Red Brick Daily Staff

According to a spokeswoman for the Taiwan Water Resources Protection Union, levels of nasty chemicals such as benzene, ethylbenzene and styrene in Xiaogang (Siaogang) have risen to as much as three times higher than levels in Yunlin County’s Daxi Township—which is the site of the country’s largest naphtha cracker complex.

A proposal to create the Xiaogang “Nansing Free-Trade Zone” on a 43-hectare plot of reclaimed land near the Port of Kaohsiung is being panned by Xiaogang residents who fear it will only bring more pollution.

The zone is slated to be filled with warehouses, parking spots for container trucks — and a token park.

Those living in the District’s Dalinpu and Fongbitou neighborhoods firmly oppose the project, arguing the new buildings will block winds from the southwest that blow through during summer months. The wind, say residents, is the only thing that briefly helps clean up the air.

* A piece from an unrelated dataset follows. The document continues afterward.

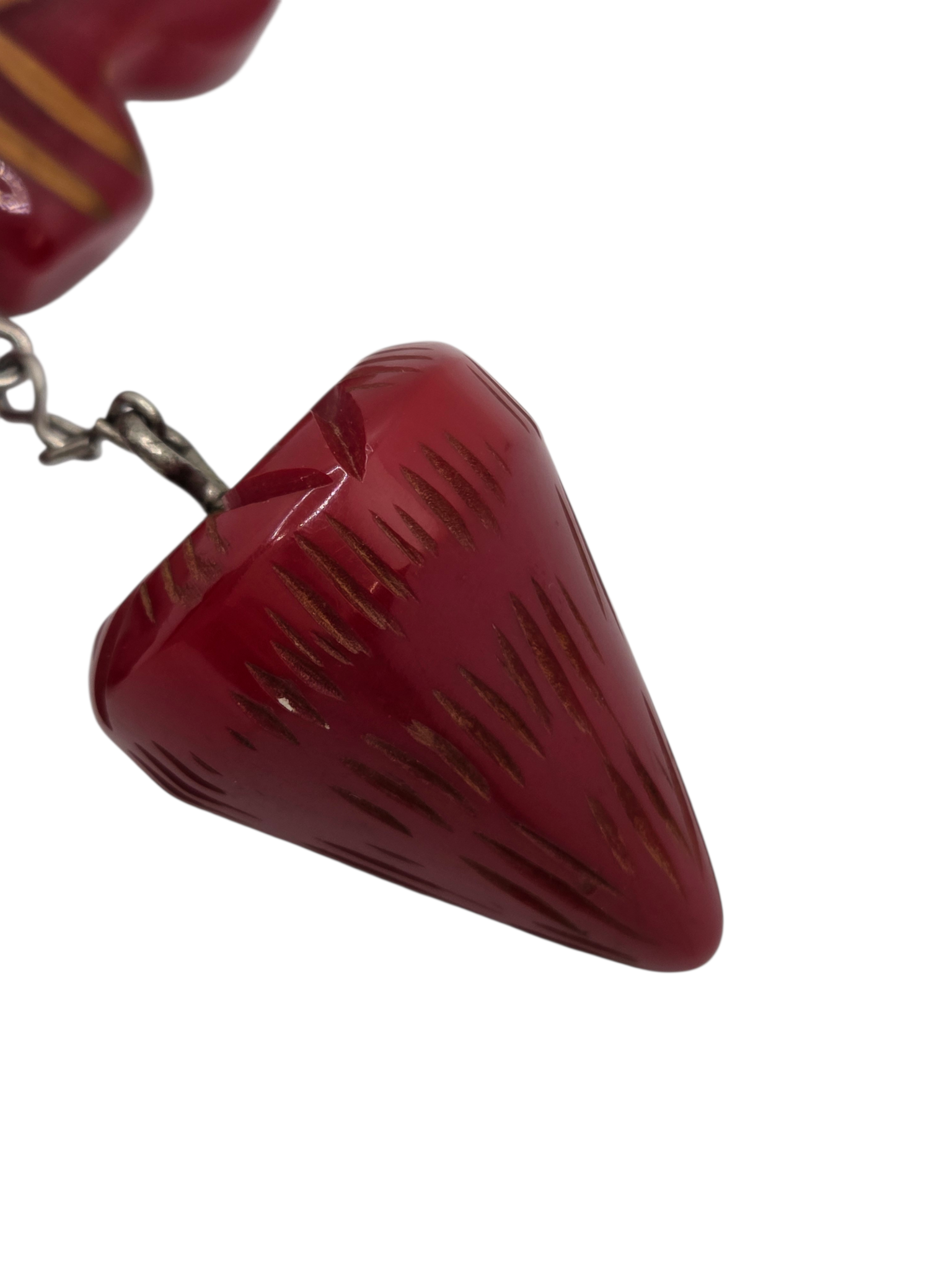 1940s HUGE Chunky Carved Bakelite Strawberry Brooch

Dozens of Xiaogang residents made the trip to Taipei recently to rally in front of the Parliament and EPA buildings to protest the free-trade zone plan.

Speaking to the Taipei Times, Fongsing Borough Warden Hung Fu-hsien said, “I don’t understand why the government wants to deprive us of a clean beach and build more factories in the area. Local residents have suffered from pollution for more than 40 years. We’ve been abandoned by the government in a place surrounded by 544 factories.”

The Xiaogang area is home to several large industrial operations including state-run oil refiner CPC Corp, Taiwan, China Steel Corp, Taiwan Power Co, shipbuilder CSBC Corp and, just to top things off, a couple of incinerators.

There are also more than 10 schools and over 10,000 students in the area.